8. Single-Leg Romanian Deadlift
- Reps: 8 each leg
- Sets: 3
- Rest: 60 seconds between sets
- Form Cue: Keep your back straight and hinge at the hips.
- Modification: Perform with both legs or use body weight.
9. Box Jumps
- Reps: 10
- Sets: 3
- Rest: 60 seconds between sets
- Form Cue: Land softly with your knees slightly bent.
- Modification: Step up onto the box instead of jumping.
10. Battle Ropes (optional)
- Duration: 30 seconds
- Sets: 4
- Rest: 30 seconds between sets
- Form Cue: Keep your core tight and move your arms quickly.

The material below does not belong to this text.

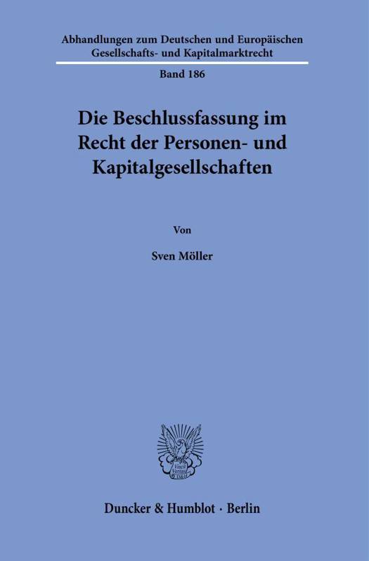 Die Beschlussfassung bildet die Grundlage fur die Willensbildung und Willensauaerung von Verbanden. In ihren Einzelheiten ist die Dogmatik von Beschlussen bis heute umstritten, was auch auf das Fehlen einer allgemeinen gesetzlichen Grundlage zuruckzufuhren ist. In der vorliegenden Arbeit werden unter Berucksichtigung des bisherigen Diskussionsstandes in Rechtsprechung und Schrifttum Parallelen, aber auch Unterschiede zwischen Personen- und Kapitalgesellschaften aufgezeigt. Daran anschlieaend werden die gesetzlichen Stimmverbotsregelungen in den Blick genommen. Obwohl diese eine herausragende praktische Relevanz aufweisen, sind sowohl Anwendungsbereich als auch Umfang der Stimmverbote nicht vollends geklart. Ein besonderer Fokus der Arbeit liegt auf dem Verbot von Insichgeschaften nach 181 BGB und dessen Bedeutung fur die Stimmrechtsvertretung.
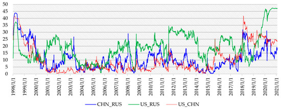 To assess the connectedness between the US, Chinese and Russian stock markets, we use daily data (five-day working week) on three stock indices and daily data of geopolitical risk. The indicator of geopolitical risk (GPR) is initially presented as monthly data and then converted to daily data. The sample covers 23 years, with a start date of 2 January 1998 and an end date of 29 January 2021, with a total of 6022 observations. For the US stock market, we implement Standard and Poor’s index (S&P 500). The S&P 500 index is calculated using the free float weighted market capitalization methodology. This approach excludes nominal shares allocated with exercise rights to executives and other interested parties. As an indicator of the Russian stock market, we implement the Russian Trading System (RTS) indices. The RTSI is calculated as the ratio of the total value of all shares at the moment of index calculation to the value of capitalization of all shares at the date of the first index calculation, multiplied by the correction factor (Aganbegyan 2011). The Chinese stock market is represented by Shanghai Composite (SSEC) indices calculated using the Paasche weighted composite price index formula. We implement the stated indices as the main indicators of the stock markets, which contain the largest asset capitalization among the companies. Therefore, we consider S&P 500, RTS and SSEC as the relevant and sufficient indicators for our analysis.

- Modification: Use a lighter resistance band or perform a different cardio exercise.
Exercise Summary Table
| Exercise | Reps | Sets | Rest | |----------------------------------|-----------|------|---------------| | Barbell Clean and Press | 8-10 | 4 | 90 seconds | | Kettlebell Turkish Get-Up | 5 each side| 3 | 60 seconds | | Pull-Up with Leg Raise | 6-8 | 3 | 90 seconds | | Barbell Deadlift to Overhead Press| 8 | 4 | 90 seconds | | Kettlebell Snatch | 10 each side| 3 | 60 seconds | | Plyometric Push-Up | 8-10 | 3 | 60 seconds | | Barbell Thruster | 10-12 | 4 | 90 seconds | | Single-Leg Romanian Deadlift | 8 each leg| 3 | 60 seconds | | Box Jumps | 10 | 3 | 60 seconds | | Battle Ropes (optional) | 30 seconds| 4 | 30 seconds |
Cool-Down (3-5 minutes)
- Standing Forward Bend - Hold for 30 seconds
- Child’s Pose - Hold for 1 minute
- Seated Hamstring Stretch - Hold for 30 seconds each leg
- Cobra Stretch - Hold for 30 seconds
- Shoulder Stretch - Hold for 30 seconds each arm
Complete in: 30-40 minutes
Conclusion
Incorporating these advanced full body exercises into your routine will challenge your strength and endurance, helping you break through plateaus and achieve your fitness goals. Aim to complete this workout 2-3 times per week, ensuring you have rest days in between for recovery.